Suppose \(p_i \leq 2^{2^i}\) for all \(i \leq n\). Now \(p_1 \cdot p_2 \cdots p_n + 1\) is not divisible by any of the primes \(p_1, \dots, p_n\), so

\(p_{n+1} \leq \prod_{i=1}^n p_i + 1\)

Substituting the earlier bounds on \(p_i\) and using \(\sum_{i=1}^n 2^i = 2^{n+1} - 2\), we get

\(p_{n+1} \leq \left( \prod_{i=1}^n 2^{2^i} \right) + 1 = \left( 2^{\sum_{i=1}^n 2^i} \right) + 1 = 2^{2^{n+1} - 2} + 1 \leq 2^{2^{n+1}}\)
(★★) Show that, for any integer \(n \geq 3\), we can find \(n\) strictly positive integers \(x_1, \dots, x_n\), two by two distinct, such that \(\frac{1}{x_1} + \cdots + \frac{1}{x_n} = 1.\)

It is easily that if \(n=3\), then \(x_1=2,x_2=3,x_3=6\)

And Suppose it is true for \(n\), that is \(\frac{1}{x_1} + \cdots + \frac{1}{x_n} = 1.\)

Then for \(n+1\), we want \(\frac{1}{x_1}+\cdots+\frac{1}{x_{n}}+\frac{1}{x_{n+1}}=1\)

Thus i want to remain the items from \(\frac{1}{x_1}\) to \(\frac{1}{x_{n-1}}\), then i want to replace \(\frac1{x_n}\) with \(\frac1{x_n}+\frac1{x_n+1}\)

Let us try some easy example, what about \(n=4\)?

\(x_1=2,x_2=3,x_3=7,x_4=42\)

Thus i can see \(\frac16=\frac17+\frac{1}{42}\)

Thus let us try \(\frac{1}{x_{n}}=\frac{1}{x_{n}+1}+\frac{1}{x_{n}\cdot\left(x_{n}+1\right)}\) , correct!!

Thus we can easily complete the induction
(★★) Let \(f : \mathbb{N} \to \mathbb{N}\) such that \(f(n+1) > f(f(n))\) for all \(n \in \mathbb{N}\).
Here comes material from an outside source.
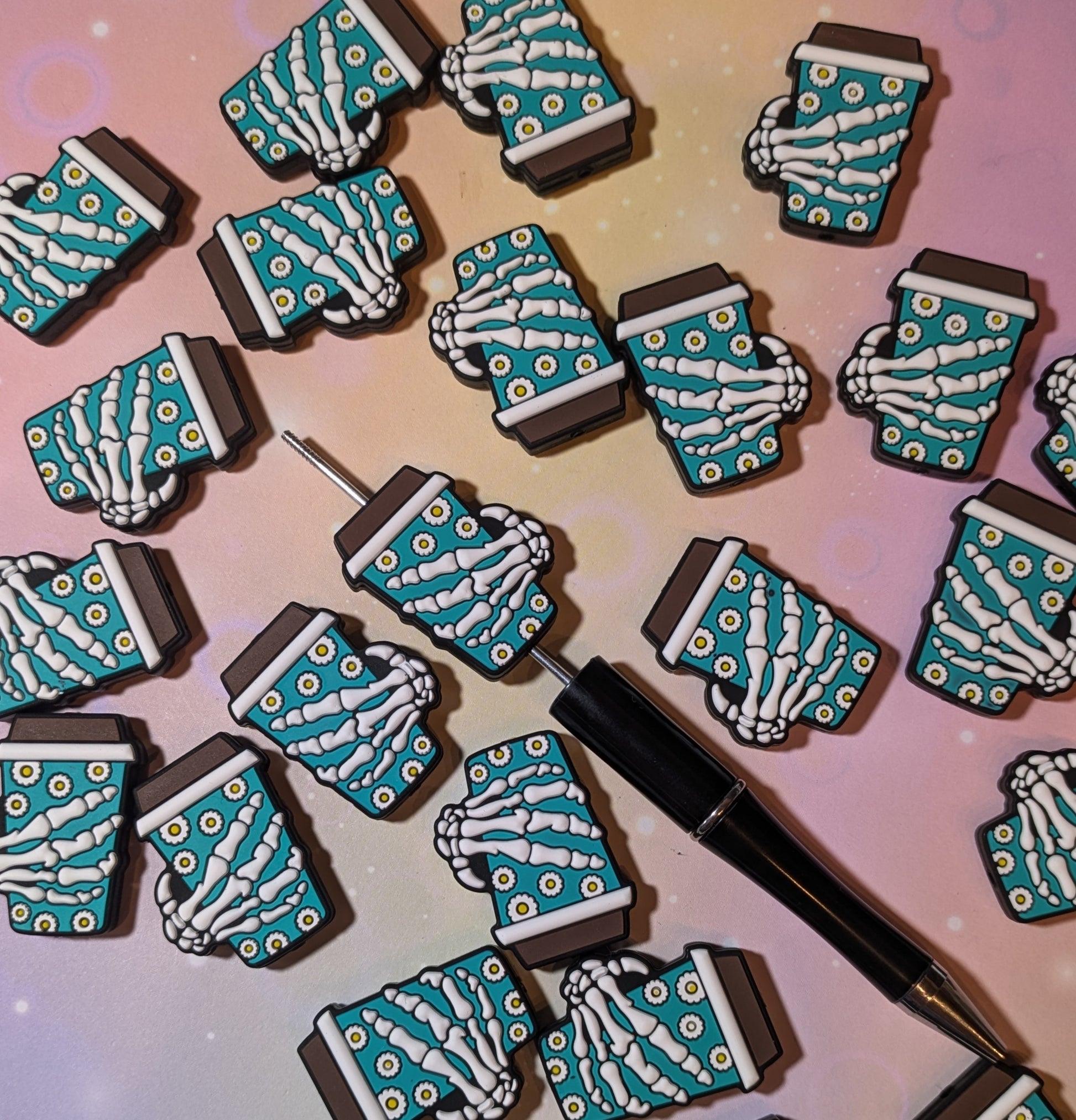 S73 Silikonperle / Focals Skellethand mit Kaffee türkis Becher mit Blumen

Show that \(f(n) = n\) for all \(n \in \mathbb{N}\). (Hint: Show by induction on \(n\) that \(P_{n}:\forall k\geq n\implies f(k)\geq n\).)

Base Case (\(n = 1\) )

We need to show that \(f(1) = 1\).

For \(n = 1\): \(f(2) > f(f(1)).\)

Case 1: Suppose \(f(1) > 1\).
- Then \(f(1) \geq 2\) (since \(f(1)\) is a natural number).
- Consequently, \(f(f(1)) \geq f(2)\) (because \(f\) maps to \(\mathbb{N}\), and thus \(f(1) \geq 2\) implies \(f(f(1)) \geq f(2)\)).
- Substituting into the condition: \(f(2) > f(f(1)) \geq f(2),\) which implies \(f(2) > f(2),\) a contradiction.
Case 2: Therefore, the only possibility is \(f(1) = 1.\)

Thus, \(f(1) = 1\).

#### Inductive Step

Inductive Hypothesis: Assume that for some \(n \geq 1,\) the function satisfies \(f(k) = k \quad \text{for all } k \leq n.\)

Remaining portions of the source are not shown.